WORK REQUEST
Your answer must be an exact copy of the entries below, with every picture removed.

Stored dataset items
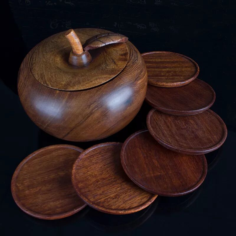 缅甸花梨木苹果杯垫【6片装】
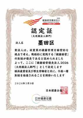 経済産業省が創設し、日本健康会議が認定する「健康経営優良法人」に昨年度東京都内の地方自治体では墨田区が初めて認定されましたが、今年度も「健康経営優良法人2026大規模法人部門」に引き続き認定されました。
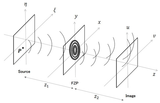 Then according to Huygens–Fresnel principle, at a distance behind the FZP, the wave field distribution at the image plane is given by
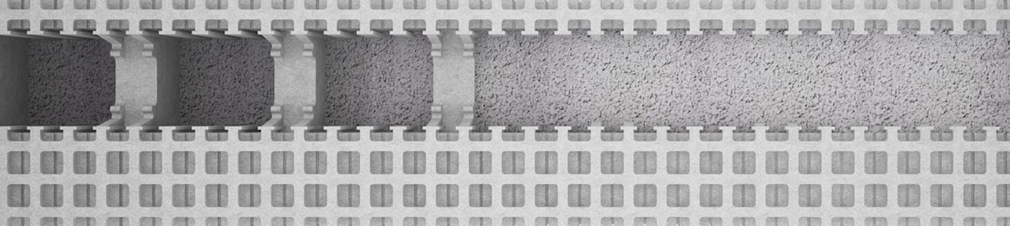 Les éléments sont adaptés au pompage du béton. La hauteur de bétonnage suggérée est de 3 m, soit la hauteur d’un étage. Le bétonnage d’un étage d’une maison d’une superficie d’environ 100 m2 représente environ 12 m3 de béton et moins de 2 heures de travail. Il est recommandé d’utiliser un béton de consistance plastique et d’une granulométrie maximale de 8 mm, dont la classe de résistance n’est pas inférieure à C16/20, toujours en accord avec le projet de construction. Nous mettons en place le béton par couches en faisant tourner la pompe autour du périmètre du bâtiment à une hauteur d’environ 0,8-1m, c’est-à-dire en faisant 3 tours.
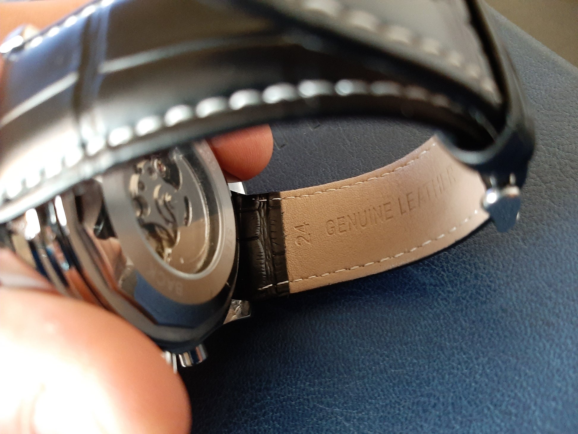 Genuine Leather Band [Black] with White Stitching
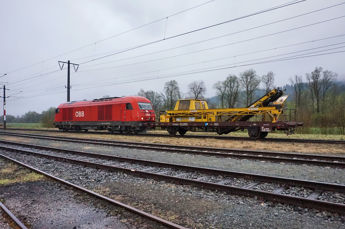 225 010-8 von DB-Bahnbau in Herne-Unser-Fritz in Richtung Gelsenkirchen unterwegs. Lieben Gruß zurück an den Tf. 04.07.2016
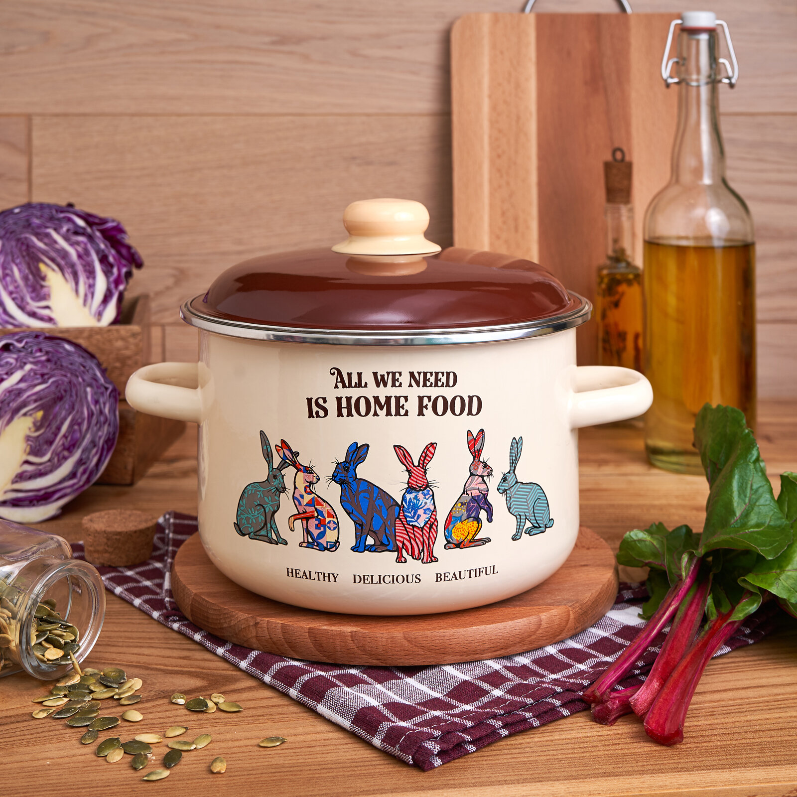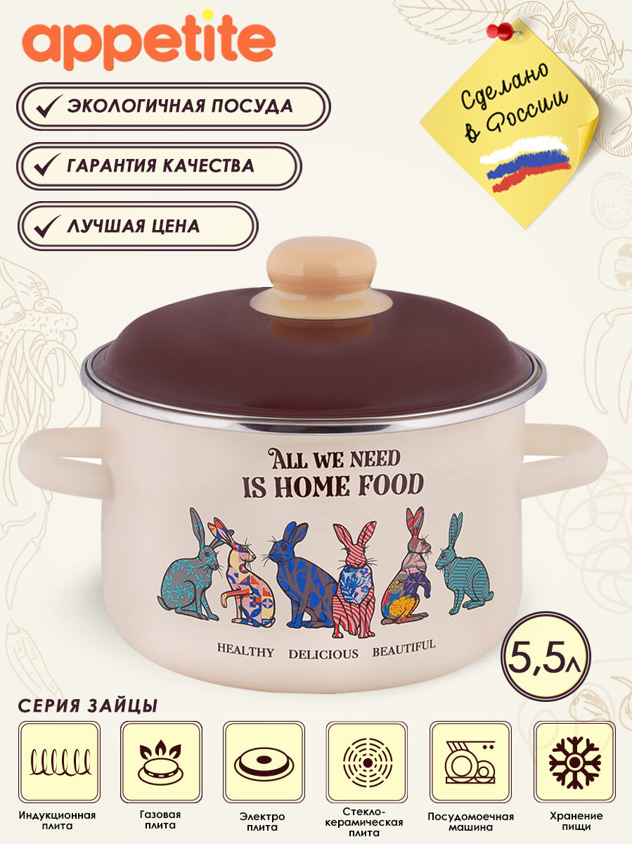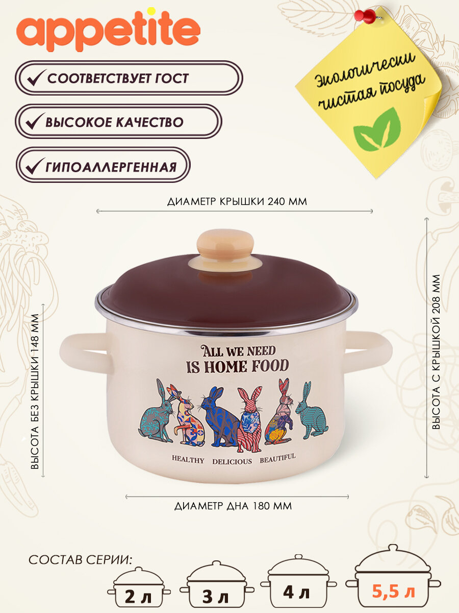 Купить Кастрюля эмалированная с крышкой Зайцы 5,5л ТМ Appetite
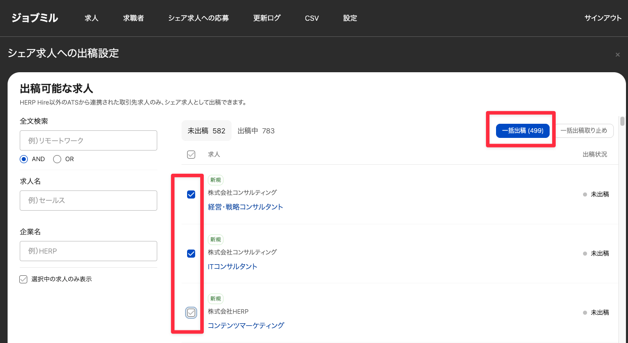 シェア求人に「未出稿」の求人が一覧表示されます。出稿したい「求人」にチェックを入れ、右上の「一括出稿」をクリックします。
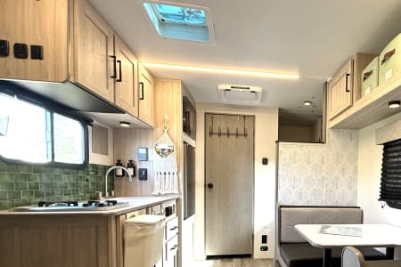 • Outdoor Setup – Relax under the awning with camp chairs, outdoor rug, table & grill available as add-ons. Your own cozy forest patio awaits.
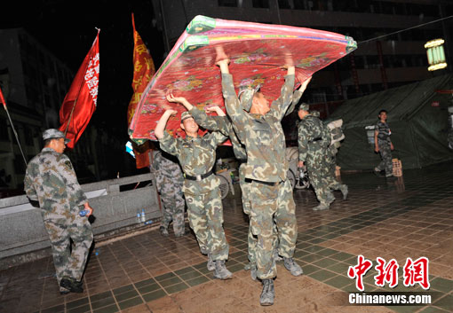 中新網(wǎng)舟曲8月11日電(記者 唐偉杰)在數(shù)十分鐘的密集電閃雷鳴之后,舟曲災區(qū)開始降雨,目前雨勢較小。
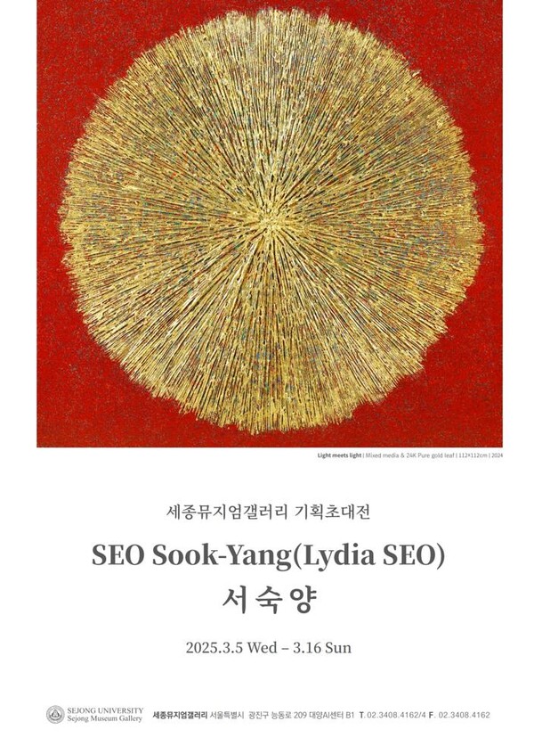 세종대학교(총장 엄종화) 세종뮤지엄갤러리 1관은 3월 5일부터 16일까지 순금 금박을 활용한 회화 작업으로 삶의 희망과 생명의 빛을 표현하는 서숙양 작가의 기획초대전을 개최한다.
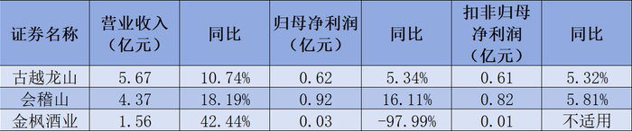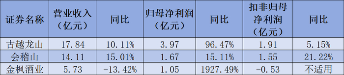 2024年一季度,古越龙山实现营业收入约5.67亿元,同比增长10.74%;归母净利润约0.62亿元,同比增长5.34%;扣非归母净利润约为0.61亿元,同比增长5.32%。会稽山实现营业收入约4.37亿元,同比增长18.19%;归母净利润约0.92亿元,同比增长16.11%;扣非归母净利润约0.82亿元,同比增长5.81%。金枫酒业实现营业收入约1.56亿元,同比增长42.44%;归母净利润约为267.29万元,同比下降97.99%;扣非归母净利润约为127.36万元,同比不适用。
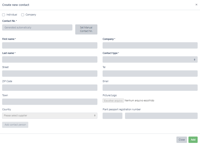 Choose between Individual or Company contact and according to that choice, relative fields will be unlocked.

EXERCISE RESPONSE
 缅甸花梨木苹果杯垫【6片装】
 経済産業省が創設し、日本健康会議が認定する「健康経営優良法人」に昨年度東京都内の地方自治体では墨田区が初めて認定されましたが、今年度も「健康経営優良法人2026大規模法人部門」に引き続き認定されました。
 Then according to Huygens–Fresnel principle, at a distance behind the FZP, the wave field distribution at the image plane is given by
 Les éléments sont adaptés au pompage du béton. La hauteur de bétonnage suggérée est de 3 m, soit la hauteur d’un étage. Le bétonnage d’un étage d’une maison d’une superficie d’environ 100 m2 représente environ 12 m3 de béton et moins de 2 heures de travail. Il est recommandé d’utiliser un béton de consistance plastique et d’une granulométrie maximale de 8 mm, dont la classe de résistance n’est pas inférieure à C16/20, toujours en accord avec le projet de construction. Nous mettons en place le béton par couches en faisant tourner la pompe autour du périmètre du bâtiment à une hauteur d’environ 0,8-1m, c’est-à-dire en faisant 3 tours.
 Genuine Leather Band [Black] with White Stitching
 225 010-8 von DB-Bahnbau in Herne-Unser-Fritz in Richtung Gelsenkirchen unterwegs. Lieben Gruß zurück an den Tf. 04.07.2016
 Купить Кастрюля эмалированная с крышкой Зайцы 5,5л ТМ Appetite
 シェア求人に「未出稿」の求人が一覧表示されます。出稿したい「求人」にチェックを入れ、右上の「一括出稿」をクリックします。
 • Outdoor Setup – Relax under the awning with camp chairs, outdoor rug, table & grill available as add-ons. Your own cozy forest patio awaits.
 中新網(wǎng)舟曲8月11日電(記者 唐偉杰)在數(shù)十分鐘的密集電閃雷鳴之后,舟曲災區(qū)開始降雨,目前雨勢較小。
 세종대학교(총장 엄종화) 세종뮤지엄갤러리 1관은 3월 5일부터 16일까지 순금 금박을 활용한 회화 작업으로 삶의 희망과 생명의 빛을 표현하는 서숙양 작가의 기획초대전을 개최한다.
 2024年一季度,古越龙山实现营业收入约5.67亿元,同比增长10.74%;归母净利润约0.62亿元,同比增长5.34%;扣非归母净利润约为0.61亿元,同比增长5.32%。会稽山实现营业收入约4.37亿元,同比增长18.19%;归母净利润约0.92亿元,同比增长16.11%;扣非归母净利润约0.82亿元,同比增长5.81%。金枫酒业实现营业收入约1.56亿元,同比增长42.44%;归母净利润约为267.29万元,同比下降97.99%;扣非归母净利润约为127.36万元,同比不适用。
 Choose between Individual or Company contact and according to that choice, relative fields will be unlocked.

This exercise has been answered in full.